We selected the Libyan desert to view the total solar eclipse since it offered the highest probability of clear skies (90%) and an eclipse of longest duration, 4 minutes and 3 seconds at our viewing site. The Libyan government had built a temporary eclipse camp appropriately nicknamed "Tent City" in the middle of the Sahara desert right on the eclipse centre line and capable of supporting several thousand eclipse chasers. Great idea of course as you could leisurely awaken from your tent and then observe the eclipse without the need for travelling. All visitors on arrival into Libya by the way had to pay an "Eclipse Tax" of 120 euro and I presume this money was well spent to accommodate us.

Unfortunately when our bus turned up to Tent City at around 6pm our tents were still being prepared! We were later told the decision was made to shift our camp to Tent City 4 days earlier. Luckily, we didnít need to wait too long for a tent but tourists arriving later in the darkening evening were justifiably quite angry. Dinner supplied by the camp that evening was also quite chaotic. Imagine 1000 people clambering for food. We did eventually get our meal that night around 10pm.

Sure enough, we awoke to perfect weather on eclipse morning. Disaster Ė my camera tripod was missing the vital screw to attach my camera to the tripod.

Eclipse Tip 1: check your equipment first before you leave your country.

Fortunately I borrowed some duct tape and I was able to strap the camera onto the tripod.

Our "Wayward Bus" eclipse group set our equipment up about 100m south of the camp.

First contact appeared at 11:08am local time (9:08UT). I was interviewed by local Libyan TV and explained to them the reasons why I travelled 20 hours on an aircraft to end up in the middle of nowhere. I also gave praise to the ancient cities that we had visited earlier.

Once the interview was over, I projected the partially eclipsed sun onto the ground using my pair of 7x50mm binoculars. The Libyan locals were ecstatic, with many taking photographs especially with their latest mobile phone cameras. One overly cautious Libyan used his pair of eclipse glasses to stare at my eclipse projection. I told him that it wasnít necessary to do so.

Starting to photograph the eclipse, I noticed the sand was rather soft and the tripod wasnít a great deal stable.

Eclipse Tip 2: find a stable platform for your tripod.

Venus popped into view rather early into the partial phase of the eclipse but I had initially mistaken it for a balloon.
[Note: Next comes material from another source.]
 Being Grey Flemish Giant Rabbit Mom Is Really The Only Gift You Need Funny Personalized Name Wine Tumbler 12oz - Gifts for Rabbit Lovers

Eclipse Tip 3: predetermine where the stars and planets will be visible during totality.

A few minutes before totality, the southwestern horizon appeared rather dark. It was the shadow of the moon fast approaching. Totality began around 12:26pm local time (10:26 UT) and ended 4 minutes and 3 seconds later at 12:30pm. To capture the eclipse, I used a Canon 300D digital camera set to 100ASA and a 300mm zoom lens set at f/6.3 whilst using manual focus. However, the eclipse was quite dark and I wasnít able to see the readout on my camera hence had no idea what exposure times I had set.
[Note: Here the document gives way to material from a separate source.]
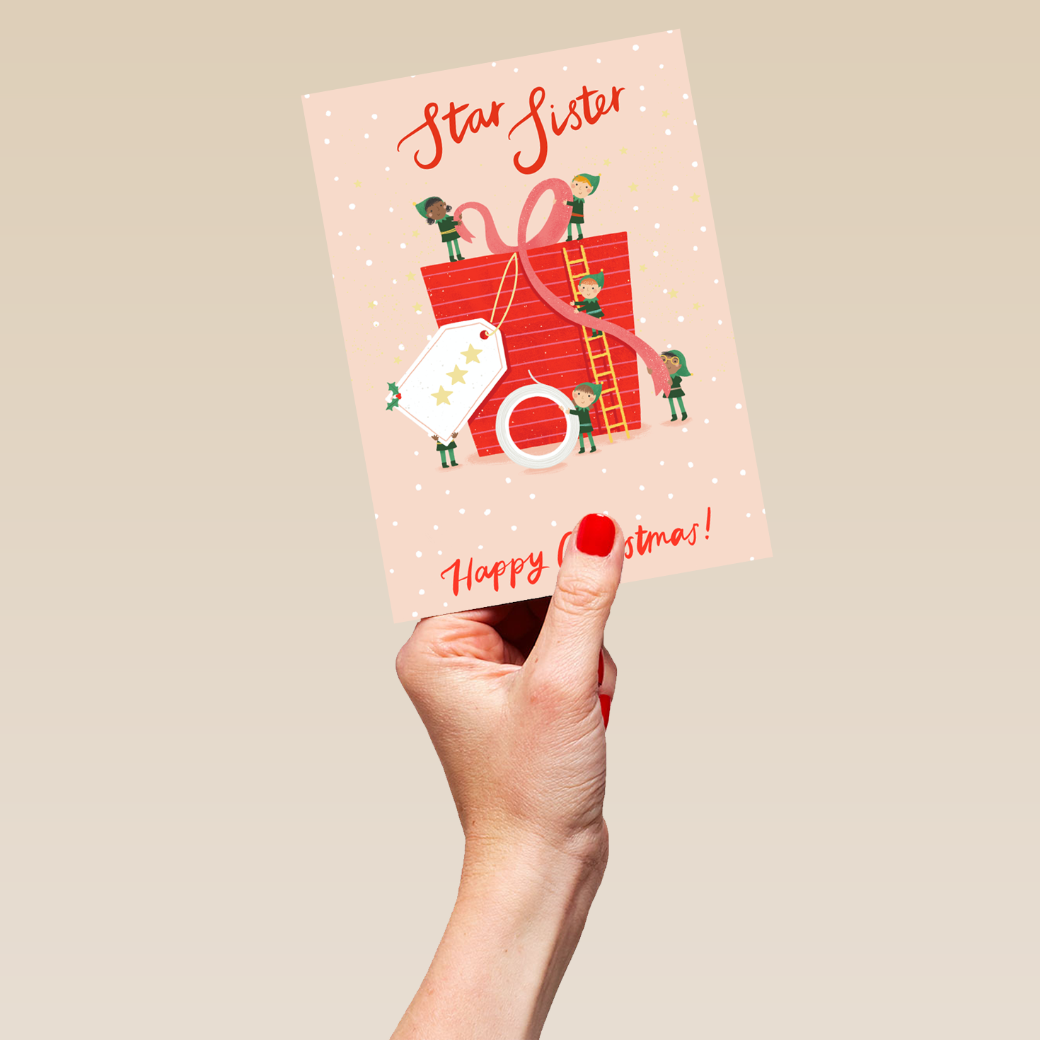 Celebrate Christmas with your super-star sister, and send her some words of love with this sweet and personalisable Christmas card.

Eclipse Tip 4: Have a torch handy during totality

Shortly after totality began, 2 solar prominences at the leading edge of the lunar disk were plainly visible through my pair of 7x50mm binoculars. At mid eclipse, the prominences vanished as the lunar disk advanced over them. Fine filamentary structure was observable in the corona, especially at the polar regions. You could trace the individual magnetic field lines of the sun.

The temperature had fallen markedly as well. One of our group members held a thermometer. Initially about 32 degrees, the temperature read about 22 degrees during mid-totality. Where was my jumper? Later that afternoon we had a rather warm 35 degree day.
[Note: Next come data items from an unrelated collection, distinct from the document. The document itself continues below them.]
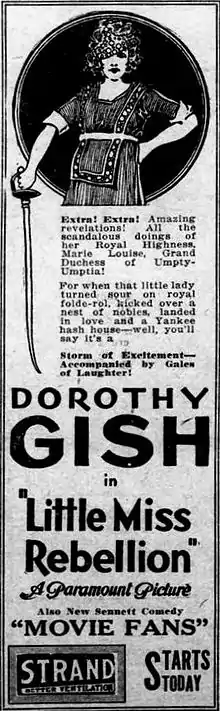 Little Miss Rebellion is a 1920 American silent comedy drama film directed by George Fawcett and written by Harry Carr and Wells Hastings. The film stars Dorothy Gish, Ralph Graves, George Siegmann, Riley Hatch, and Marie Burke. The film was released on September 19, 1920, by Paramount Pictures.[1][2] It is not known whether the film currently survives.[3]
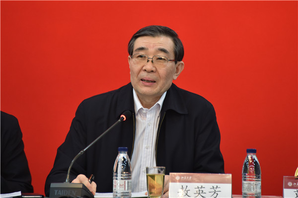 敖英芳在致辞中对北大盟员在本职工作、学校建设中发挥的作用表示充分肯定。他指出,北京大学思想政治工作要走在高校的前面,知识分子要走到前面。希望北京大学民盟组织要进一步努力工作,发挥优势,为北京大学发展、为北京发展、为中华民族伟大复兴中国梦的实现贡献力量。
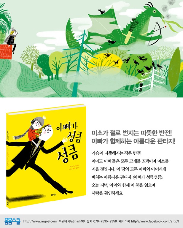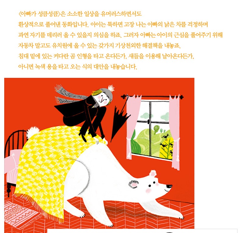 <아빠가 성큼성큼>은 소소한 일상을 유머러스하면서도 환상적으로 풀어낸 동화입니다. 아이는 툭하면 고장 나는 아빠의 낡은 차를 걱정하며 과연 자기를 데리러 올 수 있을지 의심을 하죠. 그러자 아빠는 아이의 근심을 풀어주기 위해 자동차 말고도 유치원에 올 수 있는 갖가지 기상천외한 해결책을 내놓죠. 침대 밑에 있는 커다란 곰 인형을 타고 온다든가, 새들을 이용해 날아온다든가, 아니면 녹색 용을 타고 오는 식의 대안을 내놓습니다.
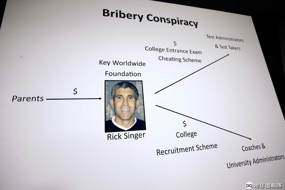 圖為一張辛格如何協助有錢父母將孩子送入菁英大學的海報。目前辛格以 1,553萬元交保候傳。

One minute before the end of totality, I noticed a bright prominence appearing on the trailing edge of the moon. An arc of red chromosphere soon became visible before the impending diamond ring effect. Sure enough, totality was over.

No eclipse photograph is able to portray what the eye witnesses during totality.

I strongly recommend that readers experience at least 1 total solar eclipse in their life.